1.3. Suggested Modelling Approach

Wind speed is chaotically intermittent and is often characterised by inherent linear and nonlinear patterns as well as nonstationary behaviour; thus, it is generally difficult to predict it accurately and efficiently using a single linear or nonlinear model [25,46,53,54]. We suggest combining WT, ARIMA, and XGBoost via SVR to predict high-resolution short-term wind speeds.
In the literature, wavelet decomposition of a signal is followed by separate modelling of subseries using appropriate techniques. In the last step, sub-series predictions are reconciled (through summation) (see, e.g., [25]). In addition to its simplicity, this conventional approach (individual modelling and summation of subseries predictions) incorporates errors from each subseries into the final predictions. This compromises the accuracy and robustness of the final predictions. The authors of [25] discussed the difficulty in capturing high-frequency subseries when using the ARIMA model, which led to large errors when predicting using the WT-ARIMA model. High-frequency wind speed subseries (particularly at low levels) with nonlinear features adversely affect the accuracy and reliability of wind speed predictions from the ARIMA model. In this case, the uncertainty and inaccuracy of wind power predictions will result in energy costs rising, as additional reserves are required to maintain energy balance and ensure optimal unit commitment.
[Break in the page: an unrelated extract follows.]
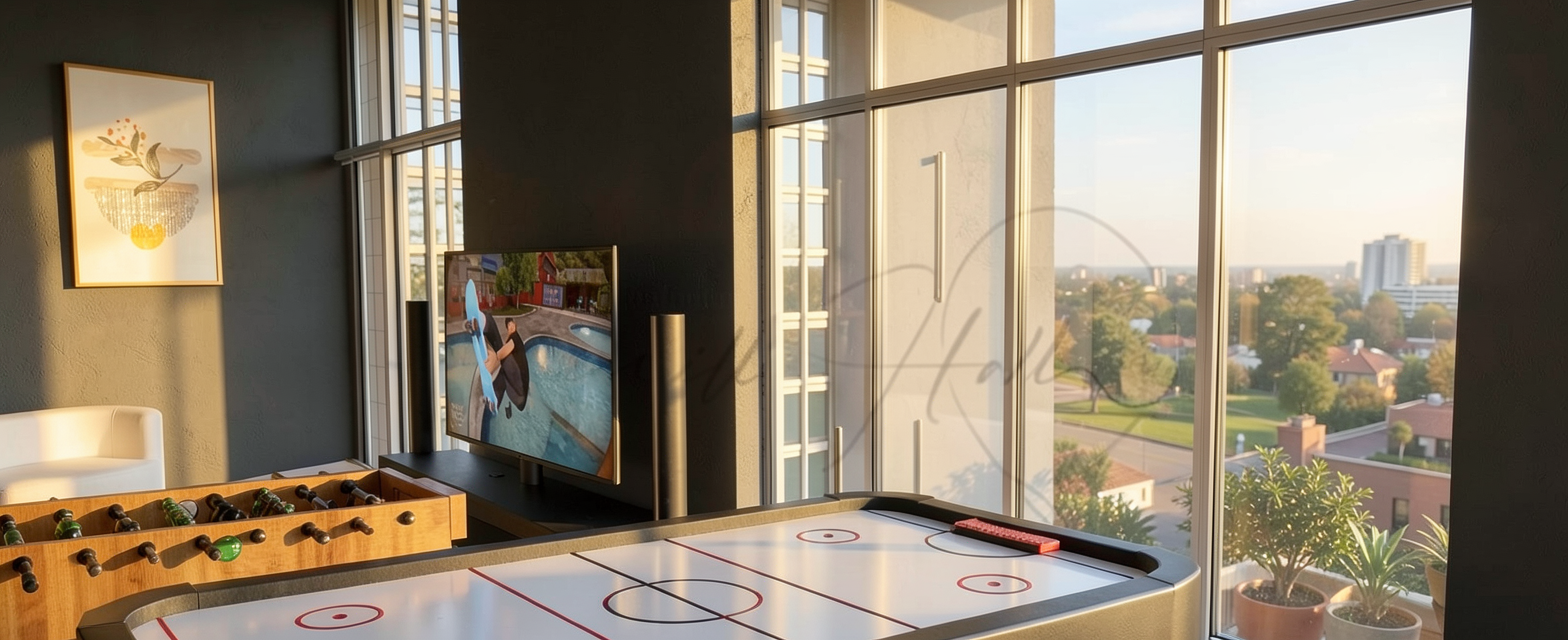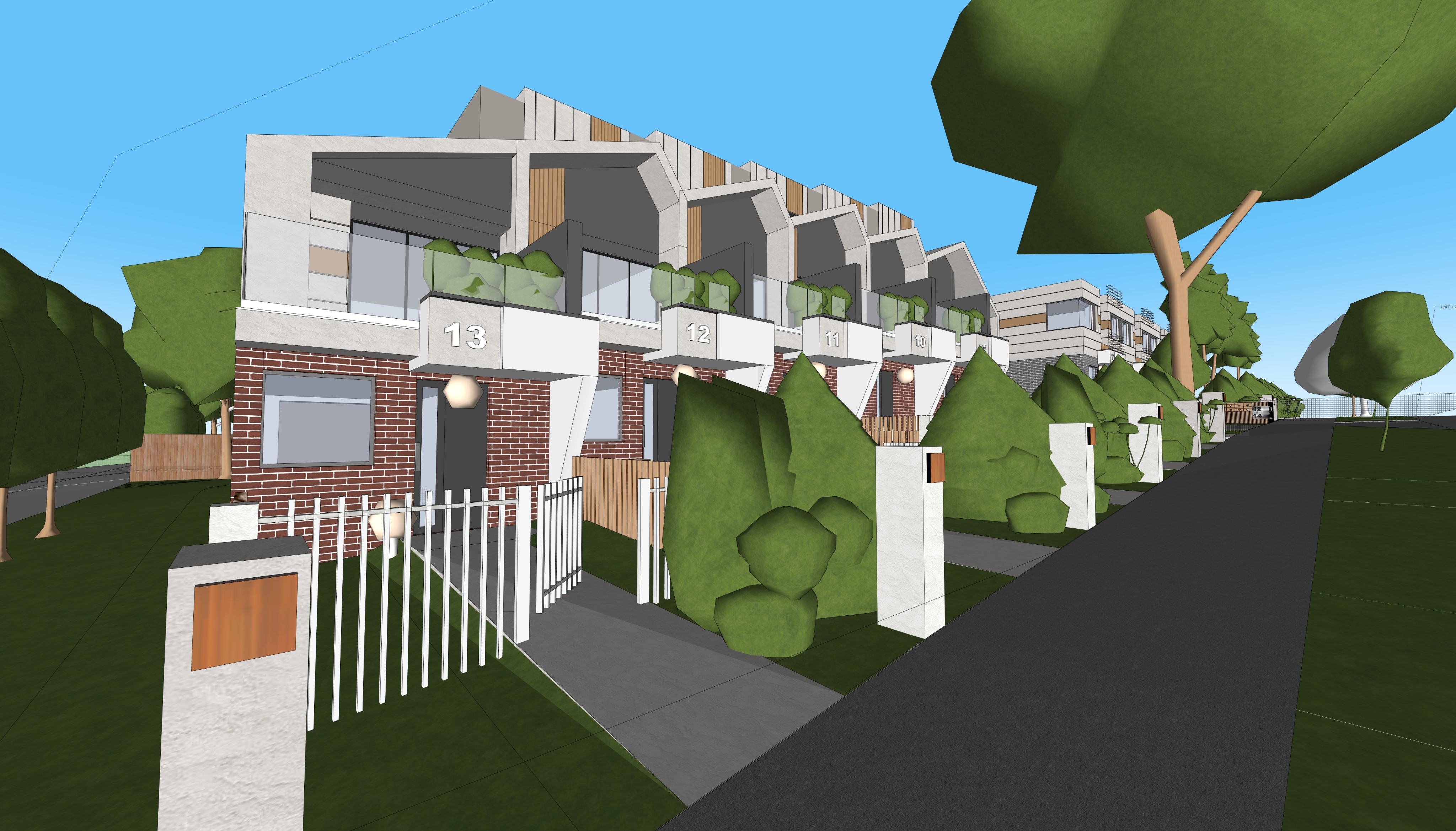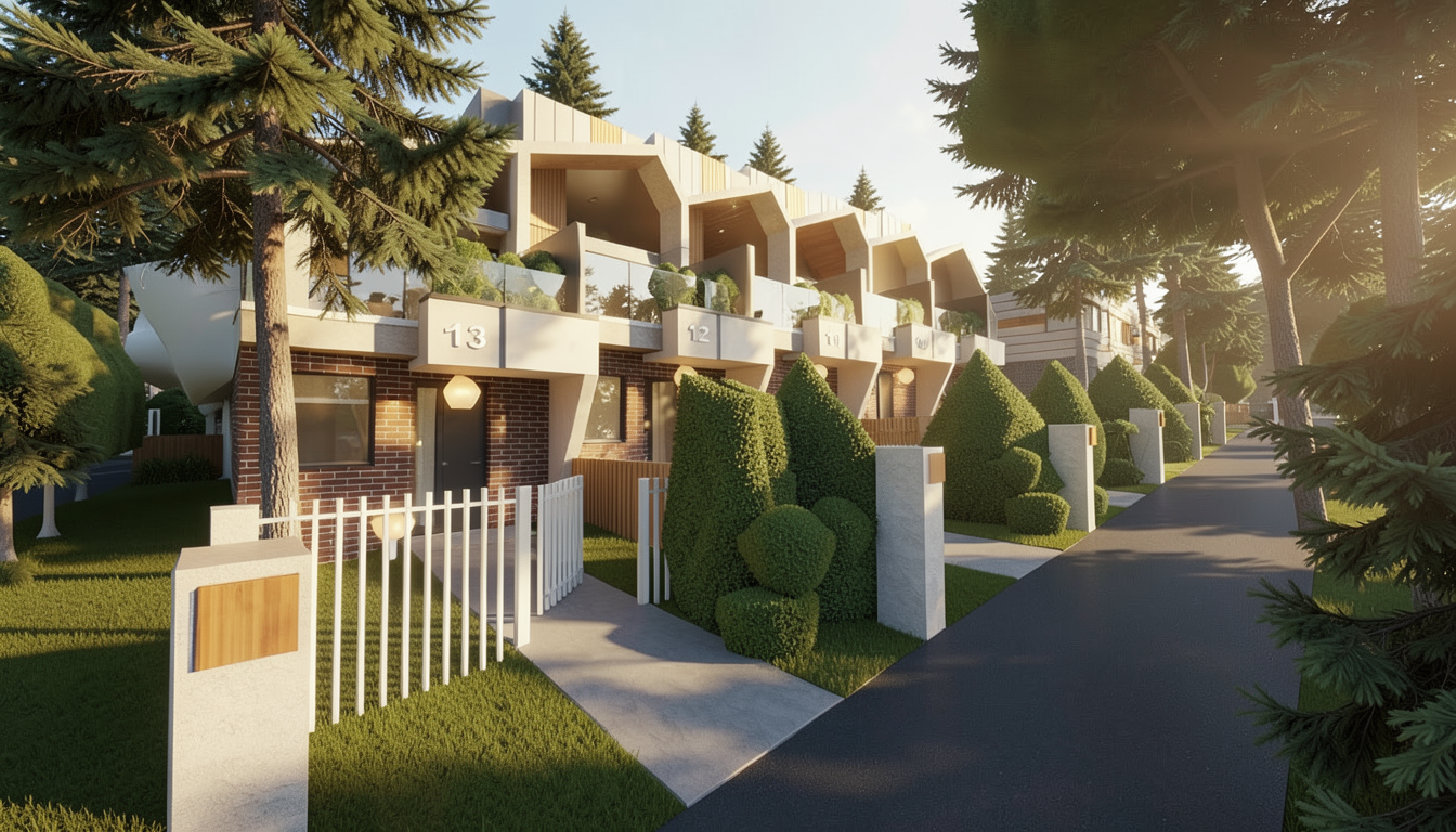 commercial architectural visualization cinematic lighting effect 3d perspective surrounded with evergreen tree and brushes

Furthermore, ref. [58] also showed that wind turbine energy costs associated with forecast errors can reach 10% of total wind energy turnover.
Although the RWT-ARIMA model was found to reduce error accumulation to some extent, these techniques require more computational time than highly efficient machine learning algorithms such as the XGBoost and RF (see, e.g., [59]). Hence, this study proposes a new novel hybrid model, namely WT-ARIMA-XGBoost-SVR to circumvent error accumulation in the final wind speed predictions. In essence, the proposed strategy leverages the advantages of WT (excellent at denoising high variant signals), ARIMA (captures linearity very well), GBDTs (high accuracy, robust model tuning, highly scalable, sparse with computational efficiency), and SVR algorithms (high convergence speed with small sample sizes) to predict short-term wind speed with high precision and efficiency. In the aforementioned hybrid modelling strategy, the ARIMA model is employed to capture the linear component infused in the original wind speed data. The resultant residuals (i.e., nonlinear component) from fitting the ARIMA model are disaggregated into several less noisy subseries by WT. As input features, these subseries are fed into an XGBoost model to capture the nonlinear component that could not be captured by an ARIMA model. The final predicted value is determined by combining the predicted values from the ARIMA model and XGBoost using SVR. The efficacy of the proposed WT-ARIMA-XGBoost-SVR in short-term wind speed prediction is evaluated against the WT-ARIMA-LGB-SVR and WT-ARIMA-SGB-SVR. Although recent advances in computing power have led to more advanced and accurate machine-learning algorithms, ARIMA is still one of the most widely used models for wind speed short-term forecasting and benchmarking. For instance, in [60], the ARIMA model outcompeted Gated Recurrent Unit (GRU) and LSTM algorithms in short-term wind speed forecasting. Therefore, both the point and interval predictions of the proposed approach are also benchmarked against the ARIMA model to better evaluate its efficacy.
Overall, the current study will contribute to the existing renewable energy literature in the following ways: (a) In an effort to enhance short-term wind speed prediction accuracy, boosting and vector machine learning techniques are introduced; (b) High efficient and robust gradient decision trees are used instead of the classical ARIMA models, which are prone to struggling with nonlinearity and large datasets; (c) The effect of each subseries prediction error on overall wind speed prediction is minimised by utilising all wavelet decomposed subseries as input features into the XGBoost; (d) To some extent, the developed hybrid approach accurately, and efficiently captures nonlinear components associated with wind speed turbulence and gusts; (e) The proposed model is applied on different datasets from different locations as well as terrain complexity and used for forecasting over different time spans within the short-term forecasting framework to assess its robustness.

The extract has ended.